Tangeni Amupadhi
Sello Masinyane has been unable to sleep peacefully since July 8. Horrific images keep flashing in his mind; images similar to what happened to James Byrd Jr – a black man killed by Ku Klux Klan followers in Texas last month after being tied to a truck, dragged for kilometres and dismembered.
But Masinyane’s story is set in Parys in the Free State and he has lived to tell it. His day began routinely – he was one of two Eskom workers travelling to farms to check electricity lines.
At about 11am Masinyane and his assistant, Isaak Mogale, arrived at the farm Tweefonteine. An Eskom lock at the gate to the farm had been tampered with, but they dismissed it as children’s pranks. They cut the padlock, replaced it and entered the farm.
A car drove towards them at high speed and screeched to a halt next to their company vehicle. “Kaffirs, kaffirs, kaffirs … I’m going to kill you like dogs today,” Masinyane says the farmowner, Chris van Zyl, screamed at them. “Get out of the car.”
Van Zyl allegedly shot holes in three tyres of the car, which had an Eskom logo on the side, then removed the keys.
“I said: `Baas, please call the police if you don’t trust us; we are from Eskom,'” Masinyane recalls. “He replied: `I don’t talk to kaffirs.'”
He says Van Zyl refused to look at Eskom identification they showed him.

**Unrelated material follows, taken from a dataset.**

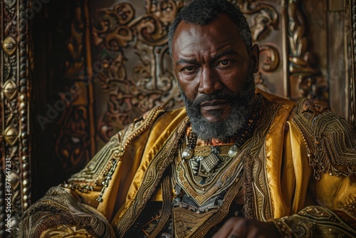 Naklejka premium A man sitting in a chair with a long beard, good for editorial or lifestyle use

He told Masinyane to lie face down on the ground while he dealt with Mogale.
Masinyane says a shot rang out and Mogale fell to the ground. Not waiting to see what happened, Masinyane ran for his life. He claims he did not get far before Van Zyl drove up on a motorbike and knocked him over.
Masinyane claims Van Zyl then tied his hands together, tied him to the motorbike and dragged him for a few minutes.
Van Zyl then allegedly tied Masinyane and Mogale to an Eskom pole and told them to watch him shoot at the remaining undamaged tyre of their car. “This is what I’m going to do to you,” Van Zyl allegedly taunted them in the presence of his wife and son.
Five hours later another pair of Eskom employees arrived and pleaded with Van Zyl to let their colleagues go. He refused, calling them “kaffernaaiers”.
Superintendent Danie Truter, station commissioner of the Parys police, says when he arrived shortly afterwards with two detectives, Van Zyl refused to allow them onto his farm. He demanded that police officers attached to the local farmwatch arrive before he freed the two.
Masinyane says Van Zyl stopped a black policeman from untying them, ordering that it be done by a white officer.
He then left, leaving the four Eskom workers to change the punctured wheels of the car. He returned three hours later and let them leave – eight hours after Masinyane and Mogale had arrived at the farm.
Truter says the farmer claims he detained the men because they did not seek his permission to enter the farm despite an Eskom agreement that this would be done.
Masinyane and Mogale were taken to hospital where they were treated for their bruises and abrasions.
Van Zyl has laid charges of trespassing against the two men. Eskom, Masinyane and Mogale have reciprocated with charges of attempted murder, assault, malicious damage to property and crimen injuria.
Truter says Van Zyl has not been arrested because he is well known in the area.
When contacted by the Mail & Guardian this week, Van Zyl said the reporter should first learn Afrikaans, then make an appointment to hear his side of the story. He threatened to sue the M&G for libel.